Records from a data collection
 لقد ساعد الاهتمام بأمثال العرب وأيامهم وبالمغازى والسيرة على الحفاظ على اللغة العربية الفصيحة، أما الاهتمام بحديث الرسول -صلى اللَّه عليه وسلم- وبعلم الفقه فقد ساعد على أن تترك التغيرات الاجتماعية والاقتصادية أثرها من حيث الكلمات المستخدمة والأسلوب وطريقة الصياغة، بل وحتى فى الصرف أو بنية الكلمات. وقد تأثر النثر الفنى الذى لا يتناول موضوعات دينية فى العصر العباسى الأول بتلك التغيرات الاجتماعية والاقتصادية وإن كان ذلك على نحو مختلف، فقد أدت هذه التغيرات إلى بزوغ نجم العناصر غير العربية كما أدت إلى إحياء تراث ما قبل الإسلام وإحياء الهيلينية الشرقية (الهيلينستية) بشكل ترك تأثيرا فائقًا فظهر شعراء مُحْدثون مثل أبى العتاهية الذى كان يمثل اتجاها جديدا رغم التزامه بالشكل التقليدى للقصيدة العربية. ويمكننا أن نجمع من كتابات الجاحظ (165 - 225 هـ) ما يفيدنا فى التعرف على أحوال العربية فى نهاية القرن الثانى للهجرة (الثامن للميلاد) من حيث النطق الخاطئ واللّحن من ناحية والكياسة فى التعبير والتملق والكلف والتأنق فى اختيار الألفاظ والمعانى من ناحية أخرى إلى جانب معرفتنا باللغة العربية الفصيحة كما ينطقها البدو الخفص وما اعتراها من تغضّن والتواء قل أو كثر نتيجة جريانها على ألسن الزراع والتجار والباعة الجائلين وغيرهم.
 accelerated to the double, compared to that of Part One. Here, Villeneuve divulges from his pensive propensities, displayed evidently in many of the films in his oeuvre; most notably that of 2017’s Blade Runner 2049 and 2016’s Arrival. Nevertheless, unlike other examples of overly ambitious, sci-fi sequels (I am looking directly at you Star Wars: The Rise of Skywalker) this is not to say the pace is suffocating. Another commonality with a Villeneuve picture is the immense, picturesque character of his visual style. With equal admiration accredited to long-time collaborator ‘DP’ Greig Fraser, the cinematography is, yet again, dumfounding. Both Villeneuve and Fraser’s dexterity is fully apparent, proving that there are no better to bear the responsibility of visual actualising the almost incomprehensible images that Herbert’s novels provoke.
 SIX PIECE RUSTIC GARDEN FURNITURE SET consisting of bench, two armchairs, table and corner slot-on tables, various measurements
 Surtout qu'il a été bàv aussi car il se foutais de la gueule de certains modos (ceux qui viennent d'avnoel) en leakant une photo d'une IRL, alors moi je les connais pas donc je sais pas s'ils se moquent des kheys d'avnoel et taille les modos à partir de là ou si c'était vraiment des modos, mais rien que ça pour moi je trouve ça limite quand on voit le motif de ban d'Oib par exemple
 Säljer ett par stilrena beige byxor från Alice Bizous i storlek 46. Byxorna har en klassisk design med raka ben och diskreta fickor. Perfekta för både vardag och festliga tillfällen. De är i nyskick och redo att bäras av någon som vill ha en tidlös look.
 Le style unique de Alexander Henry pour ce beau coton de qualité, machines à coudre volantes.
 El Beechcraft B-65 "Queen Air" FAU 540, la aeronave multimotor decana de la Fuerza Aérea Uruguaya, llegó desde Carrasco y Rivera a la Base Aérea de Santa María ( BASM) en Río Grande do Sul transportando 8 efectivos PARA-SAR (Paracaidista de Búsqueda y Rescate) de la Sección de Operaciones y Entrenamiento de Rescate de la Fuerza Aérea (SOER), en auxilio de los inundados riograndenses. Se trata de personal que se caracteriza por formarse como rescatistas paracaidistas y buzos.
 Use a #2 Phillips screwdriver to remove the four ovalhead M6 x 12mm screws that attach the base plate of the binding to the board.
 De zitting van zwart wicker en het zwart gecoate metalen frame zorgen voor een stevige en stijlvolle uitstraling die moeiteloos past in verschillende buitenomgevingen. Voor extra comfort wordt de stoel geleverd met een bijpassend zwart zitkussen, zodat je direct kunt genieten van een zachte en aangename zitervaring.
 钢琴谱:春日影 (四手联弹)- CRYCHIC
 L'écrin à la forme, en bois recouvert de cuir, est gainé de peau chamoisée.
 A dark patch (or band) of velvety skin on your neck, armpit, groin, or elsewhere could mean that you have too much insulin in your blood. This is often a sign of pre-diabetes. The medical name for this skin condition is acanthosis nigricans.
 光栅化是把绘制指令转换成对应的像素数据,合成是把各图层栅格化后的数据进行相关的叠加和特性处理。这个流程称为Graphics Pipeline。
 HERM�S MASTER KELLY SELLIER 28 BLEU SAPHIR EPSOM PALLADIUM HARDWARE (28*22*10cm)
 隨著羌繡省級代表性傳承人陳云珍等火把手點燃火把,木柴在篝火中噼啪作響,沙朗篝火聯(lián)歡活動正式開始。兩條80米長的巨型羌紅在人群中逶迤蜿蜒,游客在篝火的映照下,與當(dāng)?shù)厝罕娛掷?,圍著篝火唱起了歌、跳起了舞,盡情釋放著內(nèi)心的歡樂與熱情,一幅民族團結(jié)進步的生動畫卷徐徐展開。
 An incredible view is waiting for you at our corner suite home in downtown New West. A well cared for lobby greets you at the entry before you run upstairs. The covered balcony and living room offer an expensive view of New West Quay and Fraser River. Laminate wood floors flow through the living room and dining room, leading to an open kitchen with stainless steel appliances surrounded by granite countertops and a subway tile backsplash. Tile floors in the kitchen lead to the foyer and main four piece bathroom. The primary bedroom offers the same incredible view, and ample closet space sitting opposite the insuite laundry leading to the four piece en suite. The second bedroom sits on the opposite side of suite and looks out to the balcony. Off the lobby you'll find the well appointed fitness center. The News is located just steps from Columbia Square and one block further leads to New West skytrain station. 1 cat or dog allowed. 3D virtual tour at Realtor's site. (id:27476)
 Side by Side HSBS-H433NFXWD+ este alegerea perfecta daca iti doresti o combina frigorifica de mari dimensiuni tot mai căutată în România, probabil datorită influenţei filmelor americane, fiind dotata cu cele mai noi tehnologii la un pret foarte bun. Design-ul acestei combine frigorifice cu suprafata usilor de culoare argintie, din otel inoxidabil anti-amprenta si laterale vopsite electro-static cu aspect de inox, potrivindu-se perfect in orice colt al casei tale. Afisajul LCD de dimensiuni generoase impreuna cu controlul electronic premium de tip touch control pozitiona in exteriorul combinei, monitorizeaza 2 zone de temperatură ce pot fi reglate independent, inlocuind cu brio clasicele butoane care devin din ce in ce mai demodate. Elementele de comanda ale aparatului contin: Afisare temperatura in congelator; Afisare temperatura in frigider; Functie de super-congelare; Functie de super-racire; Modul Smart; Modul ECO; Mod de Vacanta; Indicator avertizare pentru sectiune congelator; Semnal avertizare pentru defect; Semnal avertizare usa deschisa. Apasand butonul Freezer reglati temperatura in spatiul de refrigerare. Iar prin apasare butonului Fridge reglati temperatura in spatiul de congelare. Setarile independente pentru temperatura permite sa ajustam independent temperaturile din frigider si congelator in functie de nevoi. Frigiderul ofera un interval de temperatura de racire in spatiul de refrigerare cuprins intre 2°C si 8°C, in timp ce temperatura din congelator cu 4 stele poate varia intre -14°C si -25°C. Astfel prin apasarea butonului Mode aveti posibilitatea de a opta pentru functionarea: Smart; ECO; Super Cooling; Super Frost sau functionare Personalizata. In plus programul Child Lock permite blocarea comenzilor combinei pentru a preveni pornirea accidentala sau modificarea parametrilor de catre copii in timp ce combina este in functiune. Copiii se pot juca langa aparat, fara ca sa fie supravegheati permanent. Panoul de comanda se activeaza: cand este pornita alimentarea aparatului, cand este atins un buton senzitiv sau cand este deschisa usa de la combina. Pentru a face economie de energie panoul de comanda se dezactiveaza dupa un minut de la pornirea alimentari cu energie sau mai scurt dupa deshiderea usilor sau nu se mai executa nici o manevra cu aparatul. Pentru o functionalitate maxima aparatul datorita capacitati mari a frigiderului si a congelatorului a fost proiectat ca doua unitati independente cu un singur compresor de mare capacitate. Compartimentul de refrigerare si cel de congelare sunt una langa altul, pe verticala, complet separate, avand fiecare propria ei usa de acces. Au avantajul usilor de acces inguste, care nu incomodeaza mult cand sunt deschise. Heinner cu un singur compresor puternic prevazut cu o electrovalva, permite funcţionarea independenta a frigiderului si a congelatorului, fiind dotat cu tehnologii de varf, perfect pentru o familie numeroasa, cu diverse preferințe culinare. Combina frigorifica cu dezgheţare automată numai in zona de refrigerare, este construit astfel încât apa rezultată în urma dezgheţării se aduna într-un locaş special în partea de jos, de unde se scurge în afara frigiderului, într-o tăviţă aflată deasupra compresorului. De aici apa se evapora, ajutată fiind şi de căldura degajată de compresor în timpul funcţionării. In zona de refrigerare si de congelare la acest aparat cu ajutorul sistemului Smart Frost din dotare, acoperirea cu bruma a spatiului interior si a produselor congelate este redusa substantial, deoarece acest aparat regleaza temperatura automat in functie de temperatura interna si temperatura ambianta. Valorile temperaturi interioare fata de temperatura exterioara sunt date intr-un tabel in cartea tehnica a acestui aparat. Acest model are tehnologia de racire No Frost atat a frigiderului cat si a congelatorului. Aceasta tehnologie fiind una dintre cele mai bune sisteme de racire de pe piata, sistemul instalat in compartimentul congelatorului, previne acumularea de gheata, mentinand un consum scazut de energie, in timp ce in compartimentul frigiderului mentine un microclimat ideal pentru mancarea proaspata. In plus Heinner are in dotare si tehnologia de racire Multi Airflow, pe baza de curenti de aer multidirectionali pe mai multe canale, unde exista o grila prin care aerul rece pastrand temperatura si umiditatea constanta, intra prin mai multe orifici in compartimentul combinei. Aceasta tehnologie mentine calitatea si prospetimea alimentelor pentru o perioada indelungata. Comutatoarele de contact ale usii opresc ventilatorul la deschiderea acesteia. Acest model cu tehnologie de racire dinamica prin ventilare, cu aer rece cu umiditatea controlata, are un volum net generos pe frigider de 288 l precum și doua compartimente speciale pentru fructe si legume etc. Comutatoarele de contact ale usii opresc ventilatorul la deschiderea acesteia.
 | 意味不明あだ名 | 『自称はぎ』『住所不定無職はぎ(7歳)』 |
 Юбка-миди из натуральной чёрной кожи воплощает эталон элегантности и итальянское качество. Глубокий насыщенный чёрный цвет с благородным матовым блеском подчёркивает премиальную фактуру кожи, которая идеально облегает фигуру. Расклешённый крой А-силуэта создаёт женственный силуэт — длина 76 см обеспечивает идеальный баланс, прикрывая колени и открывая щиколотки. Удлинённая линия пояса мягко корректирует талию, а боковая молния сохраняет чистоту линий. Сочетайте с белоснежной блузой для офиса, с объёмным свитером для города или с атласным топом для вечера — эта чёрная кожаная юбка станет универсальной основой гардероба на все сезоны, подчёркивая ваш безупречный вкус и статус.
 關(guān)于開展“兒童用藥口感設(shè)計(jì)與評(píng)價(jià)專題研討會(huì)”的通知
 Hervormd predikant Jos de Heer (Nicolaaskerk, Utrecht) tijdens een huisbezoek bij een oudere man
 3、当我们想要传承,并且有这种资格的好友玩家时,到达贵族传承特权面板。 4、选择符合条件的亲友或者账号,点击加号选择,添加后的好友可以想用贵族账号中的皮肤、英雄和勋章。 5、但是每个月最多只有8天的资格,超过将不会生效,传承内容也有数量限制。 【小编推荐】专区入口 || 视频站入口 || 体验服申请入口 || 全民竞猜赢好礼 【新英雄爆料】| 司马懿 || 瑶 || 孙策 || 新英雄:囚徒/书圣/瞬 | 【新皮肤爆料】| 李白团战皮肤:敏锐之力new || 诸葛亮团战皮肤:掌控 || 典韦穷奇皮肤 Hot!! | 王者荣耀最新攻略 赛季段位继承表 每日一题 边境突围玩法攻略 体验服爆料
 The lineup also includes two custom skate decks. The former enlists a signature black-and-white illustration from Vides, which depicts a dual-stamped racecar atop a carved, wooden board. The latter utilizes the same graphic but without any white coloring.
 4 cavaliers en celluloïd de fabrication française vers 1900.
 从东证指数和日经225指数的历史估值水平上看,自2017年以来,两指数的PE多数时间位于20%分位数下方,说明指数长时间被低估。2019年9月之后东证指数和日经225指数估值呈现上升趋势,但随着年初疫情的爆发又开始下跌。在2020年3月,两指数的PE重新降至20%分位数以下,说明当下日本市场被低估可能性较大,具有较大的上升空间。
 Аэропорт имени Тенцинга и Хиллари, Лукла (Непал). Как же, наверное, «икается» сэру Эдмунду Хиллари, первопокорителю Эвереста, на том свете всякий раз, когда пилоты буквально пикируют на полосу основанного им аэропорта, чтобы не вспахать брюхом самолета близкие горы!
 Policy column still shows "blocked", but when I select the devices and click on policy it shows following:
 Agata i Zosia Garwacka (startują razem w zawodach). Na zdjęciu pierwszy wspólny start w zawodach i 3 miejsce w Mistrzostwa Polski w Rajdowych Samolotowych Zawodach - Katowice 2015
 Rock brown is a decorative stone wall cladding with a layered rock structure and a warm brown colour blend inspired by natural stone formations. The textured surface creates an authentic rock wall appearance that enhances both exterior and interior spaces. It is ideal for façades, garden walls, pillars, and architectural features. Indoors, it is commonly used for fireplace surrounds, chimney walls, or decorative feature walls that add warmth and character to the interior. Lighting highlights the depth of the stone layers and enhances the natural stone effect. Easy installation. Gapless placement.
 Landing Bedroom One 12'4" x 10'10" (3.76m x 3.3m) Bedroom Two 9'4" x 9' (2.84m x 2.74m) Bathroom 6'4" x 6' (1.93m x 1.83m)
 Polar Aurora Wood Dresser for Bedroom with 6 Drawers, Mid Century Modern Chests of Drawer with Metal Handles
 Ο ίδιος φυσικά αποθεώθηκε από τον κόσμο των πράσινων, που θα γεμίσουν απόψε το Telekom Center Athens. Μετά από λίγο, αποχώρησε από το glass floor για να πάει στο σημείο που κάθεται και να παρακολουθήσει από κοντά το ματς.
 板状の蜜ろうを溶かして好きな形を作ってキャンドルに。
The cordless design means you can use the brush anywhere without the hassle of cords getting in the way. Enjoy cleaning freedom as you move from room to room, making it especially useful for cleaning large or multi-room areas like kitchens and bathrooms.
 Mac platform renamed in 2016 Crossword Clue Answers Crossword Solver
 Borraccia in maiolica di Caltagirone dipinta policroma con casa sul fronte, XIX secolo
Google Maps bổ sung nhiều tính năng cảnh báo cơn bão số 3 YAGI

# WHAT IS REQUIRED:
From the records above, transcribe without alteration every line from the one with "Use a #2 Phillips" to the one with "L'écrin à la", inclusive.

# SOLUTION BELOW:
 Use a #2 Phillips screwdriver to remove the four ovalhead M6 x 12mm screws that attach the base plate of the binding to the board.
 De zitting van zwart wicker en het zwart gecoate metalen frame zorgen voor een stevige en stijlvolle uitstraling die moeiteloos past in verschillende buitenomgevingen. Voor extra comfort wordt de stoel geleverd met een bijpassend zwart zitkussen, zodat je direct kunt genieten van een zachte en aangename zitervaring.
 钢琴谱:春日影 (四手联弹)- CRYCHIC
 L'écrin à la forme, en bois recouvert de cuir, est gainé de peau chamoisée.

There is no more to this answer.